И вам ответят их сыны
Школа… В коридоре тихо и пусто, малыши отучились, и у нас, старшеклассников, заканчивается последний урок. Моя парта стоит прямо у окна, как туда не глянуть?
Ветка яблони, растущей в школьном дворе, раскачиваясь от ветра, не стучала в окно, а едва его касалась, как бы вскользь, так что листья то приближались к стеклу, то вновь отдалялись.
Но, приглядевшись, на одном из них, всё же можно было увидеть крошечную нежно-салатовую гусеницу, так ювелирно делавшую своё дело, что лист становился похож на кружевной лоскутик. Правда, малопригодный для чего-либо.
«О, моя знакомая, — подумала я, ничуть не удивляясь, — уж третий день качается на листьях, как на качелях.

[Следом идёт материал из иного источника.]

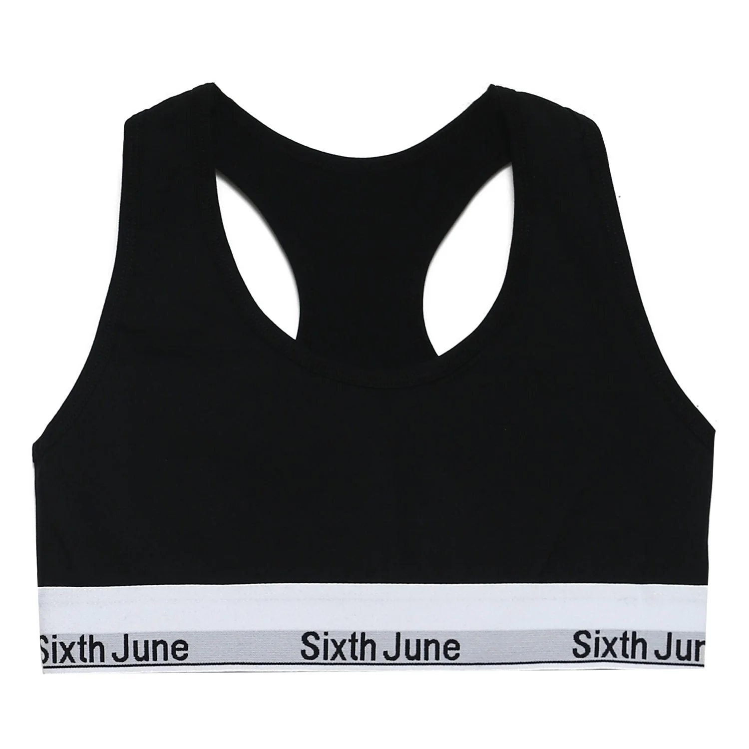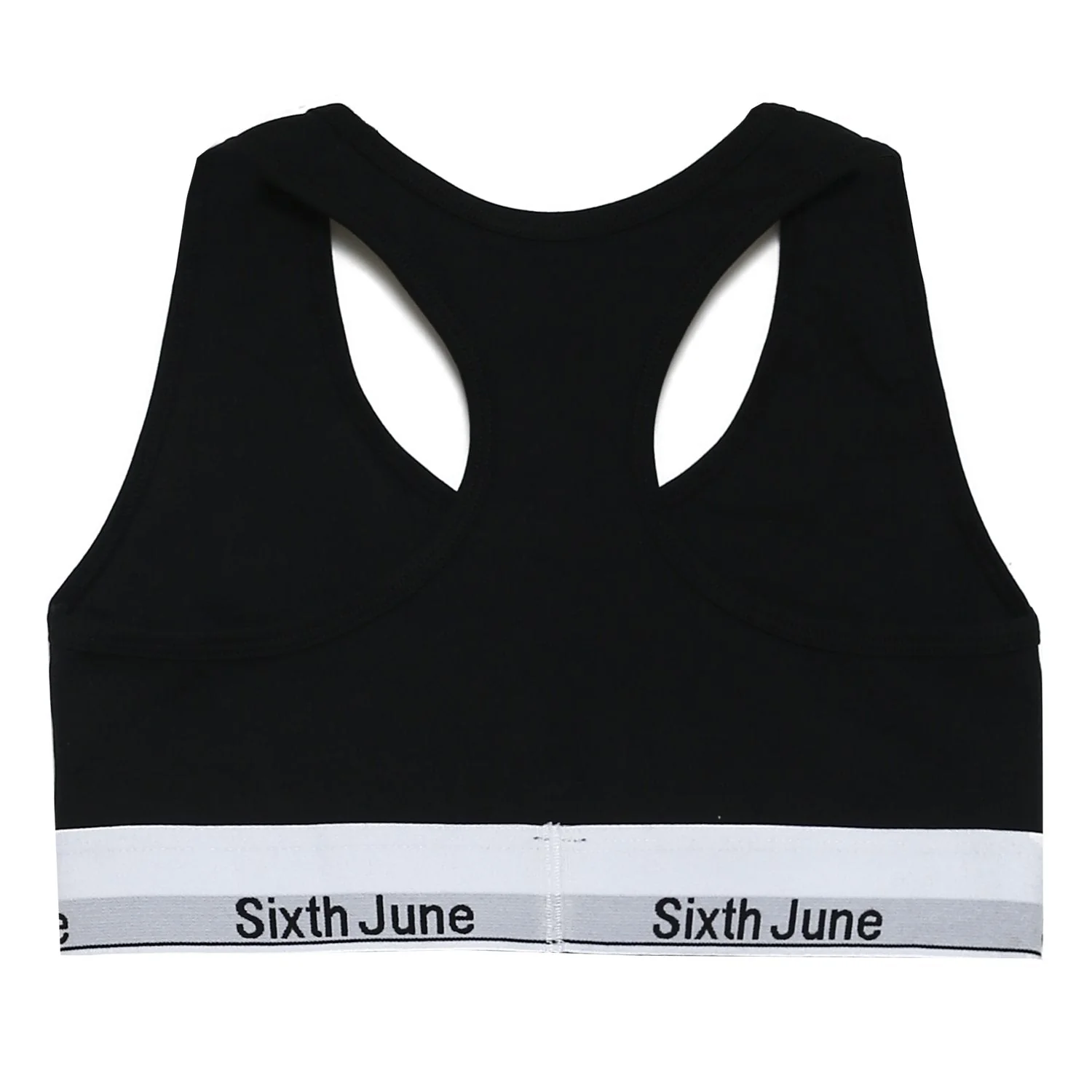 Brassière pour femme de marque Sixth June. Bande élastique avec inscription Sixth June tissée, dos croisé.

Интересно, а зубы-то у тебя, как у зайца? Вот бы посмотреть. Прожорливая какая, пятый или шестой уже?»
Гусеница, конечно, ни на кого внимания не обращала, выводя волнистые узоры, а зря: вдруг, откуда ни возьмись воробей — и нет её.
Самой что-то кушать захотелось. Если бы мама пекла сегодня блины или оладушки… Мысли мои, такие вкусные, прервал голос учительницы:
— Запишите домашнее задание на лето!
Прозвенел звонок и мы, девчонки седьмого класса, шумной стайкой сбежали со школьного крыльца.
Пройдя через всё село, выхожу на мост. Взбираюсь на гору, останавливаюсь у колодца попить водички, и на прямую дорогу до посёлка: всего-то шесть километров, сколько раз пройденных — и я дома.
Путь, конечно, неблизкий, но его скрашивала одна мысль: отойду подальше да буду петь свою любимую, чтоб никто не слышал и не мешал.
То берёзка, то рябина.
Куст ракиты над рекой,
Край родной навек любимый,
Где найдешь ещё такой?
Хотелось взять высокую ноту, чтобы мелодия поднялась высоко, как облака, плывущие колечками.
У обочины, в траве, кузнечик — зелёный музыкант выводил на скрипочке свои серенады. А у меня душа звенела, как скрипочка, только струну тронь.
Не заметила, как очутилась на опушке леса. Почти с краю стояли две необычные берёзы с тёмными, почти коричневыми, в мелкую крапинку стволами, да и листва у них намного зеленее, чем у привычных белоствольных.
В тайне ото всех я почему-то считала, что это такой памятник всем, кто не вернулся с войны и моим дедушкам, пропавшим без вести.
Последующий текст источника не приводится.